Стрелки часов ползли мучительно медленно, но, в конце концов, механизм тихонько звякнул, возвещая о семи тридцати пополудни. Итальянец схватил пальто, нахлобучил шляпу и, распахнув дверь, тут же столкнулся с Розалией. Невольно скривившись, он в досаде закатил глаза — объяснения с подругой, разумеется, не входили в его планы.
— О, дорогая… рад тебя видеть, однако прости, мне некогда, — скороговоркой произнёс он и попытался проскочить мимо, но девушка решительно схватила его за руку и с неожиданной силой втолкнула обратно.
— Куда ты собрался?
— Какого дьявола?! — возмущённо сверкнул глазами Данте. — Меня ждут Маньяк и Фрэд!
Уперев руки в бока, Розалия недобро прищурилась.
— Не лги, Данте, — спокойно сказала она. — Я видела Маньяка, он и Фрэд ужинают сегодня у Миллеса, а вот ты — отказался, сказавшись больным, поэтому я и решила тебя проведать. Но, как вижу, ты вполне здоров. Так куда ты собрался?
Габриэль бросил взгляд на часы и нервно выдохнул.
— Я передумал. Мне стало тоскливо и я передумал… Прости, но я опаздываю.
Он попытался обойти подругу, но Розалия не думала сдаваться.
— Никуда ты не пойдёшь, пока не скажешь правду! Я слишком хорошо тебя знаю, чтобы не суметь прочесть в твоих глазах желание натворить глупостей!
— Это каких же?!
— Ты собираешься встретиться с Тимоти!
— Чушь! Я пообещал не подходить к его дому, и я сдержу обещание! — рявкнул Габриэль и попытался отодвинуть Розалию от двери. — Уйди с дороги! Чёрт тебя дери! Да что ты себе позволяешь?!
— Я твой друг и имею право! — размахнувшись, девушка влепила ему звонкую пощёчину. — Приди в себя, Данте! Вас предали, и ваши судьбы висят на волоске! Только твой волосок, оборвавшись, всего лишь вернёт тебя на землю, а вот Тимоти — сорвётся в пропасть! Ты этого хочешь?! Хочешь, чтобы он погиб?! Укроти хоть раз свой ужасный эгоизм! Отпусти его!
Прижав ладонь к пылающей щеке, Габриэль зарычал.
— Отпущу! Отпущу, чёрт бы вас всех подрал! — он оттолкнул Розалию и зажмурился, едва сдерживая слёзы. — Господи, отпущу, клянусь… но я должен попрощаться… ведь я люблю его! Пожалуйста, уйди с дороги! — отчаянно взмолился он.
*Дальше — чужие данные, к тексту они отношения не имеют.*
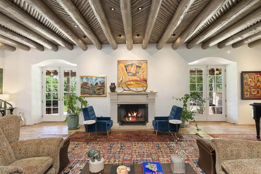 Seldom does a home of this magnitude come on the market in the entire Santa Fe area. Situated on the historic Old Santa Fe Trail, this sprawling Pueblo Revival estate is comprised of the main house, a detached guest house, swimming pool, caretakers quarters, and horse paddock area - all enclosed in a private, gated compound. Set next to Georgia OKeefes old estate, this prime in-town location is minutes to the Plaza, yet affords a level of privacy seldom seen in Santa Fe. The main house has been meticulously updated and maintained, and is in move in condition. The formal living room sets the tone for meeting guests, and features high ceilings, antique roof tile flooring, lots of windows, and has ample wall space for art. Similarly the formal dining room is ideal for day-to-day use and festive entertaining occasions. The kitchen is a centerpiece to the home, with many features seldom found...
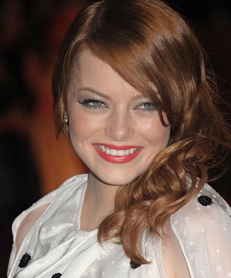 Emma Stone的闪亮卷发。HOW TO:每次吹干头发后觉得没有光彩且摸起来涩涩的?继续吹。柔亮且富有弹性的头发,绝对不是潮湿的。我们给你的tips是:在像往常一样吹干头发以后,再多吹5分钟,这个方法通常都很管用。

— Нет, — девушка взяла в ладони его лицо. — Это не любовь, Габриэль. Это — страсть, а страсть губительна…
— Я люблю его… — упрямо повторил итальянец, позволяя горьким слезам просочиться сквозь сомкнутые ресницы, и обессиленно привалился к стене. — Будь проклят тот, чья мерзкая рука составила донос…
— Джимми… это сделал Джимми — бывший помощник мистера Тейлора.
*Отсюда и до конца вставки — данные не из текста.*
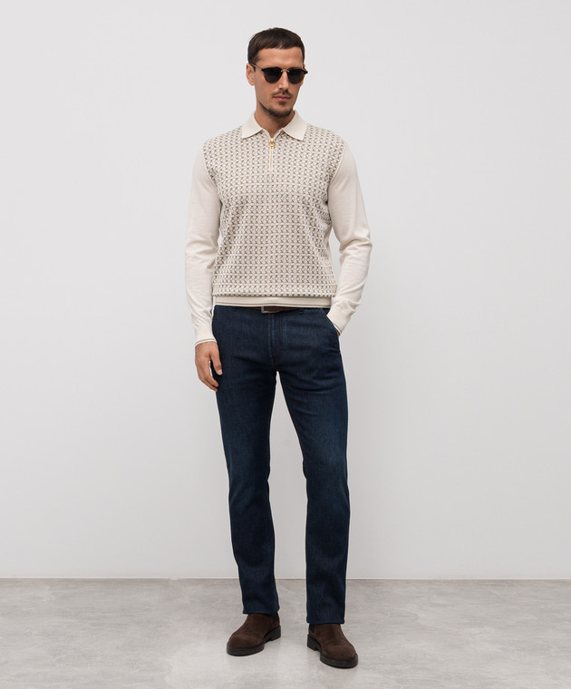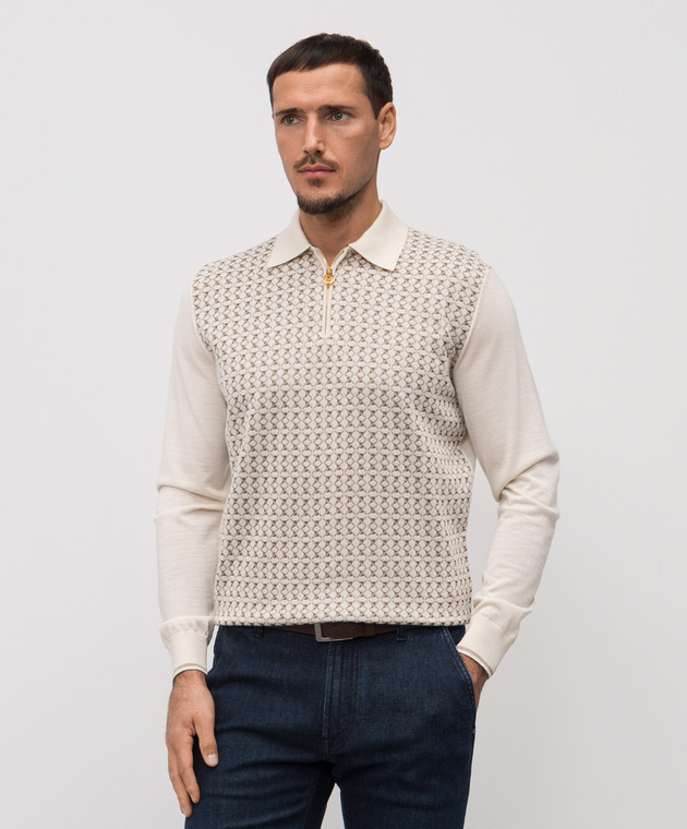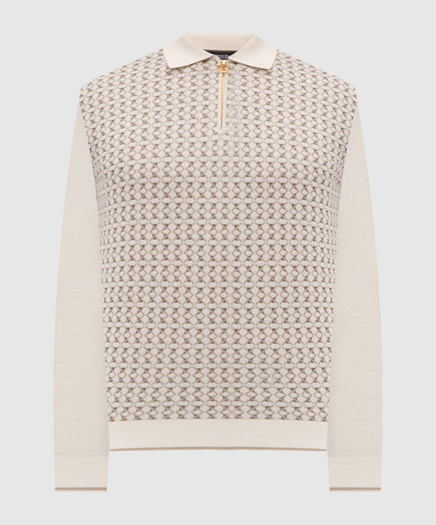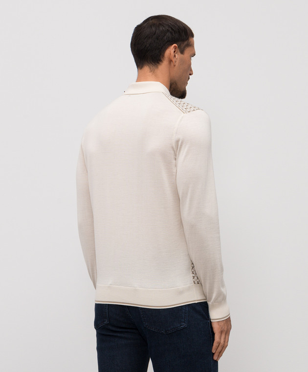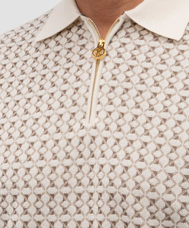 Біле поло з кашеміру і шовку в контрастний візерунок

— Откуда… — Данте вскинул на девушку ошарашенный взгляд, — Ах, да — связи…
Розалия вздохнула и пожала плечом.
— Мне попался очень болтливый полицейский. Габриэль… — она протянула руку, чтобы провести по спутанным кудрям и замерла, увидав всепоглощающий ужас, вдруг наполнивший раскосые глаза, — Габриэль?
— Мадонна… — художник смертельно побледнел, — я передал через него записку Тимоти… но ведь я не знал… Я не знал!
— Святая Дева Мария… Что в ней было? — девушка встряхнула его за плечи. — Постарайся вспомнить слово в слово, это важно!